8 aces does not mean anything like 4 times as good as 2 aces. They allow more in flight threads which will increase efficiency which will increase performance, but having more CU's like a PC reaches that goal just in a different way. Consoles don't have the power budget so they target efficiency, this is less necessary on PC. However if there is a significant advantage for PC parts with more ACE's we may well see that happen on future parts.

You can continue to use out of context quotes to reinforce your own opinion, but I don't doubt it will become quite apparent in short order that consoles will no longer be launching as machines at the pinnacle of performance. Power budgets and economics have caught up with them.
 
But in photography of the real world, which is what most people are comparing screen visuals to, blur and the like makes it more realistic.
Most amateur and journalism photography simply uses the smallest stop you can get away with for the speed of exposure ... we expect clarity, we tolerate technical limitations.
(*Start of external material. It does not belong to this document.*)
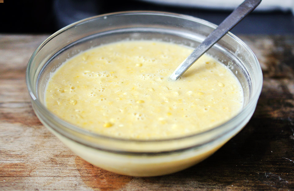 Wat doe je? Je gooit de maïs uit blik in een pan, doet er wat water bij zodat ze net onderwater staan, perst er een teen knoflook door en doet er 1 tablet kippenbouillon bij. Dit laat je even pruttelen, daarna pureer je de soep met de staafmixer en schep je er een flinke lepel crème fraîche door. En dan is het klaar:)

Lack of DoF, grain, etc ... is not seen by the general population as a sign of quality in the same sense as juddery motion in film IMO.
 
That was a split-memory pool, as Cerny said. Main memory and eDRAM means copying still had to be done.

Are you suggesting that EDRAM was a disadvantage for the 360 compared to PCs of the same time period?
You always have to copy your data back to main memory. Ideally you do it in as large batches as possible. EDRAM facilitated this quite well on the 360.
Yes, you are effectively doing two copies, one to EDRAM, one to main ram - but then you could consider the same thing when using the caches. Redundant work isn't being done, which you seem to be suggesting (?).

We all know pushing hardware is not a PC strong suit. If it was, this wouldn't even be a conversation worth having. Just because PC has the hardware doesn't mean it will get used. This has been demonstrated generation after generation. Are you expecting that to change all of a sudden? That's what would have to happen, in order for your statement about having several possible answers in the PC, for it to matter.

While it is obviously true that the PC platform has certain overheads (especially related to CPU usage for the driver layers, etc) in practise it doesn't really have a big impact on actual performance when GPU limited. The layers of abstraction typically have greatest impact on a subset of the rendering pipeline (API calls) - and if those layers aren't the bottleneck (which they usually aren't - unless you are being silly trying to perform 10s of thousands of draw calls per frame).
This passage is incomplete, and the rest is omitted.